Вместо Марата ответила Галя. Она сказала:
— Его любят за то, что он никогда не врет, в отличие от тебя; если обещает жениться, то женится, часто даже в ущерб своему имуществу, я бы даже сказала, слишком часто, а что касается тебя Шилов, ты кажется, сегодня дофилософствуешься, с утра пораньше.
— Ты сушеная змея, — ответил Шилов.
— Это я уже слышала.
— Возможно, но я еще не говорил, что у тебя сегодня повышенная гадючесть.
Галя безнадежно махнула рукой и, отвернувшись к окну, стала пить чай.

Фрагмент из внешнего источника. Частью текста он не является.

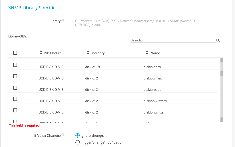 Select the desired counters and click Save. PRTG will now create sensors based on the OID types of the selected entries.

Вернулась Вероника с покрасневшим носом села к столу и пожаловалась:
Вода просто ледяная, теперь кожа будет шелушиться, два дня холодной водой умываюсь, да еще некоторые не бреются второй день.

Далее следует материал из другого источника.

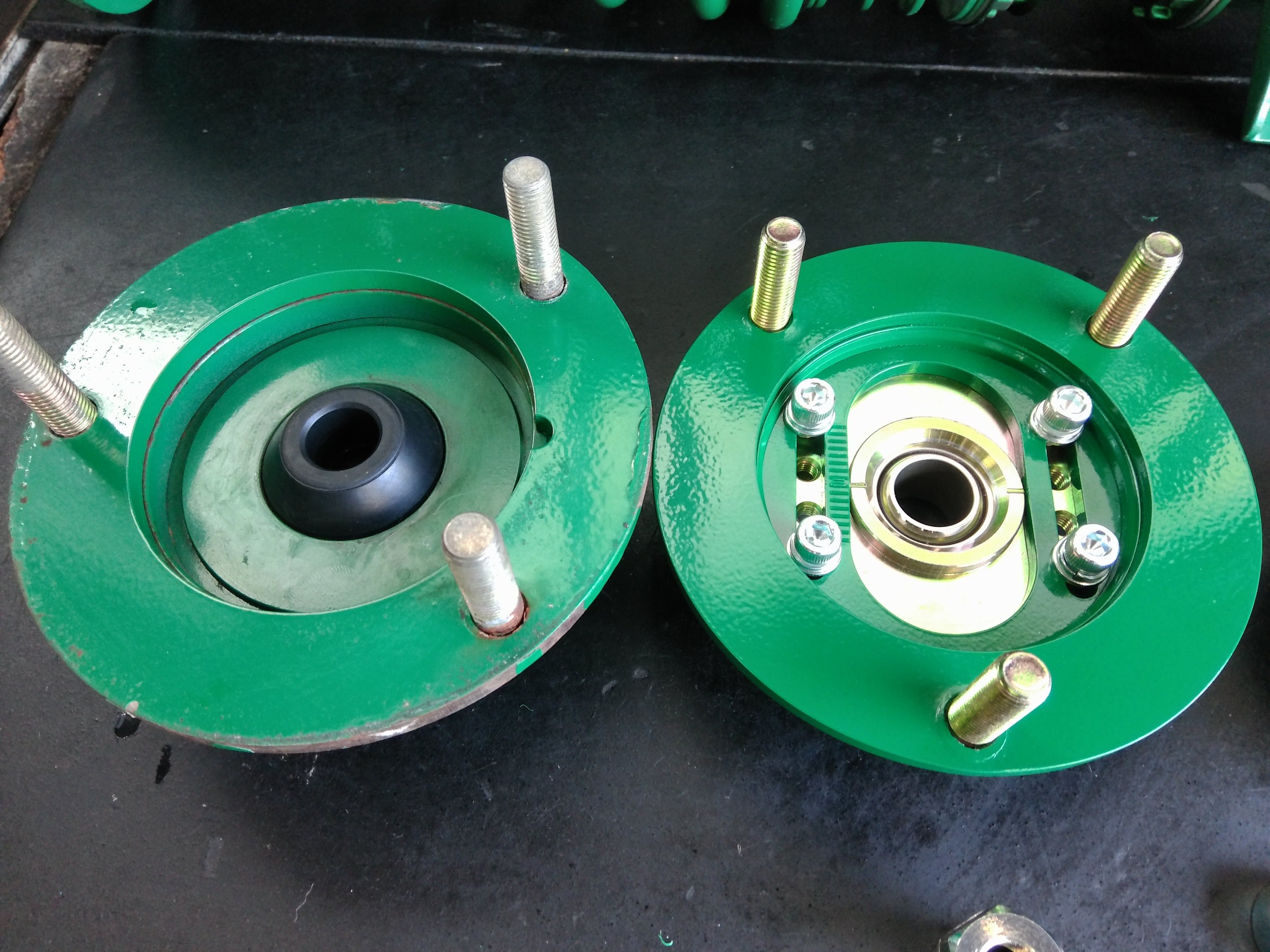 調整式のピロアッパーマウントへと変更致しました。

— Елки-палки — спохватился Шилов, — я же сегодня не брился.
Галя поднялась и налила девушке чай. Вероника поблагодарила и принялась намазывать хлеб маслом. Марат внимательно наблюдал за ней.

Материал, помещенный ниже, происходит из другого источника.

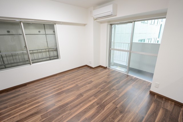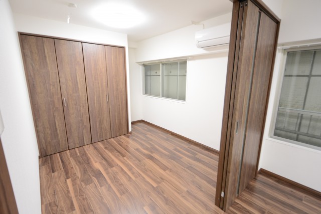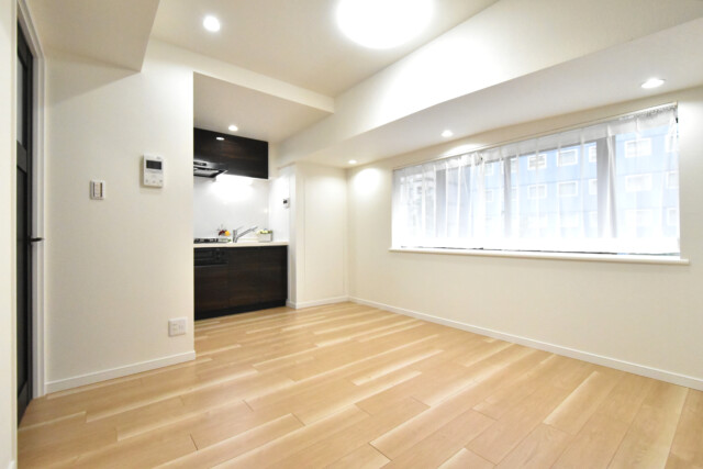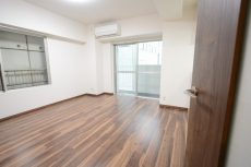 こちらは約4.8帖の洋室です。南側に窓があります。黒い枠の窓側はリビングダイニングとなっております。

— Не смотри так на меня, а то я подавлюсь, — попросила Вероника.
Марат встал, сделал несколько шагов и скрылся за занавеской, закрывающей спаленку.
— Ну что, собираться пора — сказала Галя.
— Увы, — согласилась Вероника.
— Пойду бриться, — объявил Шилов.
— Смотри, не порежься. — Предостерегла Галя, — глаза-то залил.
— Небольшое кровопускание мужчине только на пользу — гордо сказал Шилов и ушел на кухню.
Из-за занавески появился Марат.
— Пошел машину заводить — буркнул он.
— Ни пуха, — вслед сказала Вероника.
Марат, не ответив, вышел из комнаты.
— Обиделся, — констатировала Вероника и вздохнула.
Марат, прежде чем выйти во двор, зашел на кухню, чтобы прикурить от печки. Шилов, стоя возле умывальника, скоблил физиономию, напевая: "Вероника, Вероника, вкусная ты, как клубника".
— Попридержи язык, — посоветовал Марат.
— Ой, извините, — спохватился Шилов, — не корысти ради, а токмо ради рифмы.
Вероника доела бутерброд с маслом, приложила салфетку к губам: "Спасибо".
— Что, все? — Возмутилась Галя, — ты давай кушай, для кого я столько картошки нажарила.
— Я, что должна за всеми доедать?
— Нет, это твоя доля осталась.
— Я столько не съем.
— Имей в виду, нам еще целый день ехать.
— А в дороге кормить никто не будет, — подал голос из кухни Шилов.
— Ну ладно, — сдалась Вероника и протянула тарелку.
— То- то же, — сказала Галя, и содержимое сковороды переместилось в тарелку.
— Вообще- то я собиралась похудеть, так сказать в погоне за зайцем; Меня Марат взял меня на охоту вместо собаки, — Вероника вздохнула.
Появился гладко выбритый Шилов:
— Человек предполагает, а мороз располагает, — сказал он, — какие могут быть зайцы в такую морозную погоду; они все в берлогах спят.
— В берлогах спят медведи, — поправила его Галя, — а зайцы спят в норах.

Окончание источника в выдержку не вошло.